* [About this exercise]:
Retype all data exactly as given. Pictures should not be retyped.

====== Data provided ======

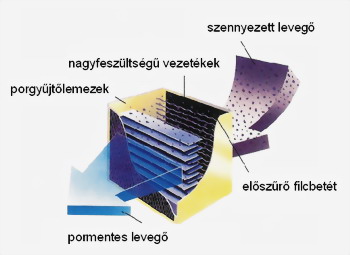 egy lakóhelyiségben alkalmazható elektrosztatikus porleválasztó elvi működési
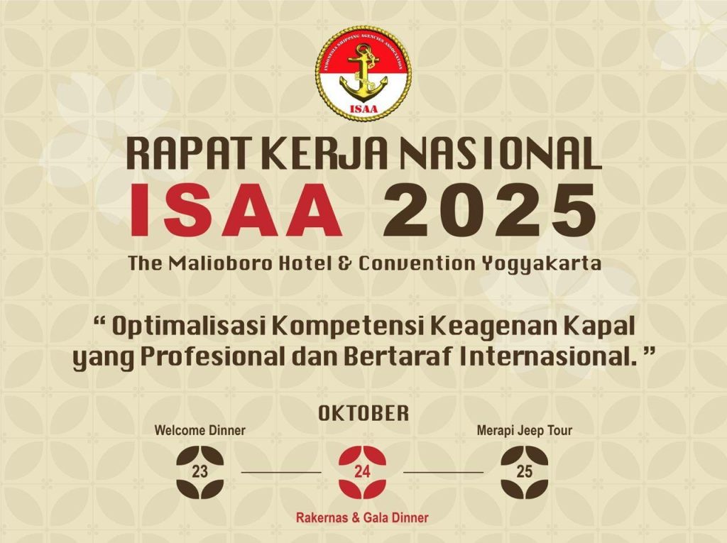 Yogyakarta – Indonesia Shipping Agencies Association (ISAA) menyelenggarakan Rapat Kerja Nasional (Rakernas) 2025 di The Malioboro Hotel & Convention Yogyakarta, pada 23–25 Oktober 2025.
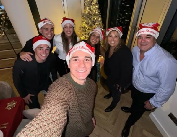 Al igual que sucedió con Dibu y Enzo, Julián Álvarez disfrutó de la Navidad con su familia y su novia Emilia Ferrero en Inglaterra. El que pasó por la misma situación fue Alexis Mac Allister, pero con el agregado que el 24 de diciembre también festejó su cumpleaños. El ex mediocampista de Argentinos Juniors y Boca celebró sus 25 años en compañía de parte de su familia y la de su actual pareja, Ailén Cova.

======

* [Exercise solution]:
 egy lakóhelyiségben alkalmazható elektrosztatikus porleválasztó elvi működési
 Yogyakarta – Indonesia Shipping Agencies Association (ISAA) menyelenggarakan Rapat Kerja Nasional (Rakernas) 2025 di The Malioboro Hotel & Convention Yogyakarta, pada 23–25 Oktober 2025.
 Al igual que sucedió con Dibu y Enzo, Julián Álvarez disfrutó de la Navidad con su familia y su novia Emilia Ferrero en Inglaterra. El que pasó por la misma situación fue Alexis Mac Allister, pero con el agregado que el 24 de diciembre también festejó su cumpleaños. El ex mediocampista de Argentinos Juniors y Boca celebró sus 25 años en compañía de parte de su familia y la de su actual pareja, Ailén Cova.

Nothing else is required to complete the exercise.